Odaya girdi. Elleri arkasında bağlı odayı inceledi. “Bunlar mı oyuncakların?” dedi. “Evet, buradaki oyuncaklarla istediğin gibi oynayabiliriz.” dedim. Biraz daha inceledi. Silahlardan birini eline alıp inceledi. Silahın namlusuyla tüm odayı taradı. Oyuncak bebeklerin olduğu evcilik köşesinde bir bebeğin üzerinde tuttu biraz sonra hızlı bir hareketle döndü ve tetiği çekti. “Tak, öldün şimdi…” Oturduğum yerde kollarım, kafam yana düştü. Gördüğü görüntü ve gücü onu korkutmuş olacak ki. “Yok, şaka bu. Bak bir şey yapmıyor ki…” diyerek silaha kendine doğrulttu ve bir el de kendine ateş etti. “O kadar güçlü olmak seni korkuttu.” dedim. Kafasını salladı ama cevap vermedi.
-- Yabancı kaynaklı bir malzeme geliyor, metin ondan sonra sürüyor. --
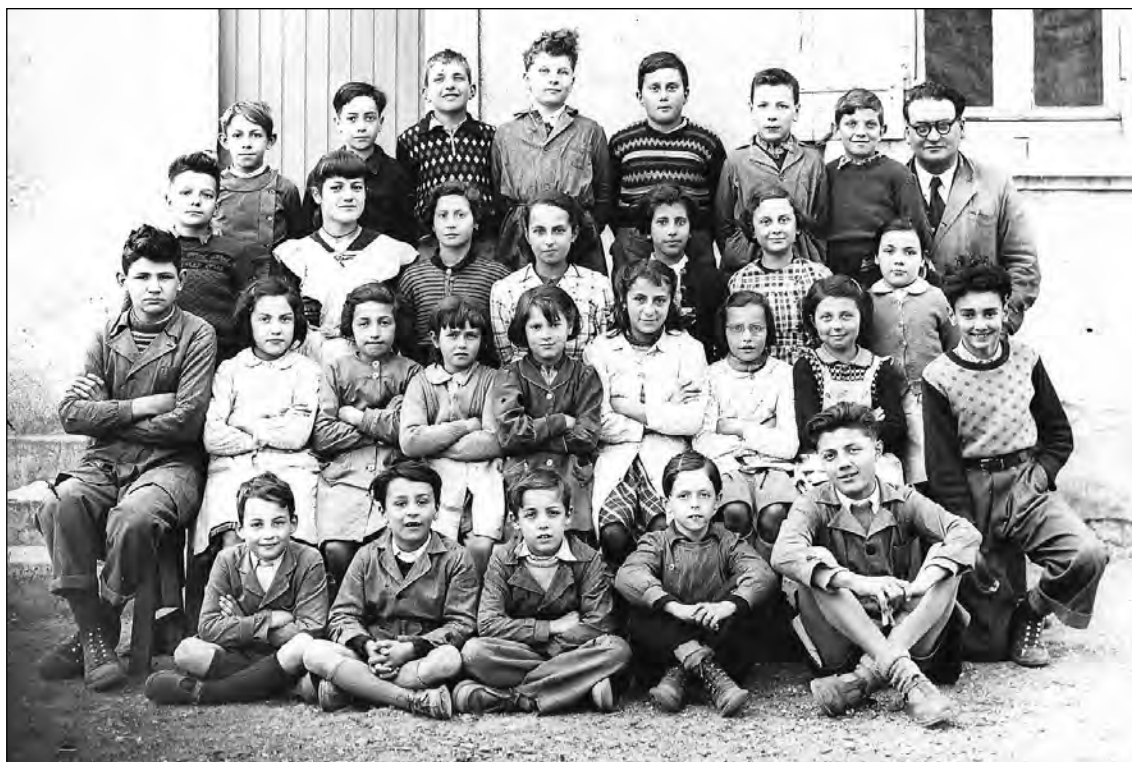
La classe autrefois... et aujourd'hui ! Petit jeu : retrouverez-vous "qui est qui" entre les deux époques ?

Tüm psikoterapi seanslarında ama özellikle oyun seanslarında Bion’un Tereddütlü Düşünceler kitabında ele aldığı “düşüneni olmayan düşünceler” kavramını düşünürüm. Danışan düşüneni olmayan düşüncelerini terapiye getirdikçe terapistin onları tutma kapasitesi doğrultusunda bu düşünceler duyulur düşünülür olur.
Çocuğun kazanmak istediği gücü elde edince de bu gücünden korkması ve bu kontrolsüz gücün ona verdiği zararı anlattığı bu oyunda şimdiye kadar ev içinde yaşadığı korkular düşülünür oldu. Kendi gücünden ölen çocuk, sınırlayanı olmayan çocuk, anne babasının güçsüzlüğünden öyle korkan ve kendi gücüyle onlara yeni sınırlar koymuş sonra da bu sınırlarda kaybolmuş çocuk… Hepsi artık oyuna gelebilir, düşünülebilinir.